Overall, the USDA’s final soybean yield figures in Illinois, Iowa, Nebraska, Ohio, Indiana and Wisconsin were raised from December, while yields in Michigan, Minnesota, and North/South Dakota were lowered and Missouri was unchanged. Across the Delta, yields were mixed.
The USDA made no changes to their crush or export demand figures in the January report. The government left soybean meal and soybean oil demand static from the December report as well.
U.S. Ending Soybean Stocks
Despite the incremental 8 MBU increase in production from December, the 475 MBU carryout is realized by a slight increase in beginning stocks for the 19/20 marketing year and a decline of 5 MBU in imports. The 475 MBU carryout is the fourth largest stocks on record but 438 MBU below last year’s 913 MBU figure.
Foreign Soybean Comments: Argentina and Brazil
Pre-report figures showed that CONAB estimated Brazil’s soybean bean production from 121.7-124.3 MMT. Last year, Brazil produced a 117 MMT crop, which was the second largest production on record. At 121 MMT, the 2017/18 crop is the largest on record. Pre-report estimates pegged Argentina’s soybean crop at 49.59 MT, which is a hair below the 50 MMT from last year. The USDA left Argentine and Brazilian soybean supply and demand estimates intact from December at 53 MMT and 123 MMT, respectively. The government also left Chinese imports unchanged.
What this means for the U.S. farmer
We believe that the USDA’s treatment of the supply and demand side of the balance sheet presents a fundamentally neutral/slightly bearish report. At 475 MBU, ending stocks are 438 MBU lower than the 2018/19 marketing year, but the number is still accommodating. With the supply side of the 19/20 year “in the books,” we shift our attention to the demand side of the balance sheet and the upcoming Jan. 15 signing of the Phase 1 trade agreement between the U.S. and China.

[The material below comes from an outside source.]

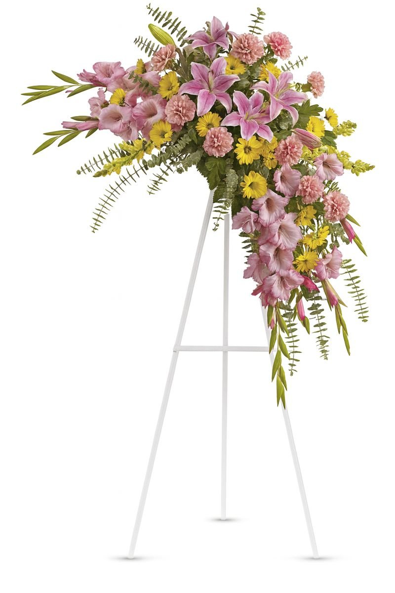 Soft, soothing pink lilies and yellow daisies are crafted into a crescent standing spray – what a lovely remembrance of your friendship, and perfect selection for a memorial service.
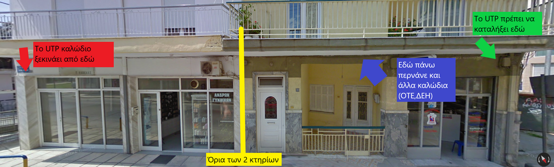 Τα κτήρια μας είναι δίπλα-δίπλα οπότε δεν υπάρχει άλλος τρόπος διέλευσης του καλωδίου. Εχώ ανεβάσει και μια φωτογραφία, στην οποία φαίνονται πιο ξεκάθαρα οι συνθήκες.

The pre-report analyst estimates were looking for a slight 5 MBU decline in the all-wheat carryout to 969 MBU. Given the incremental changes to the ending stocks, we believe the report was largely neutral for U.S. wheats. The USDA estimates a 965 MBU all-wheat carryout as the all-wheat feed and residual figure was raised by 10 MBU to 150 MBU. The government made incremental changes to the by class ending stocks figures from December. The USDA also lowered HRW exports from December by 5 MBU, which is offset by a 5 MBU increase in durum exports. HRS domestic use rose by 5 MBU while SRW domestic use was cut by the same amount.
Foreign Wheat Comments: Australia, Argentina, Canada, EU, Russia and Ukraine
Overall, we believe at FBN that the changes to the USDA’s foreign balance sheets were incremental, and at the moment do not represent material impacts for the U.S. The USDA cut Russian exports by 1 MMT but offset some of this loss by raising Ukraine exports by 500,000 MT. EU exports were raised by 2 MMT, but no changes were made to Argentine or Canadian exports. The government lowered Australian wheat production by 500,000 MT and reduced the export figure by 200,000 MT.
What this means for the U.S. farmer
As expected, we believe that the USDA’s reported WASDE was a neutral event for the U.S. wheats. With all eyes focused on the government's 2020/21 winter wheat seedings report, we believe that the estimated HRW and SRW ending stocks have become a focus for the trade. We still remain focused on the export pace from Russia and the Black Sea and are interested to see how the newly implemented export tariffs on Argentine wheat exports can shape and influence U.S. wheat exports and the HRW balance sheet in upcoming months. Lost export volume from Australia along with the possibility of the Phase 1 trade agreement between the U.S. and China, which will provide export opportunities for the U.S., are also a focus for FBN.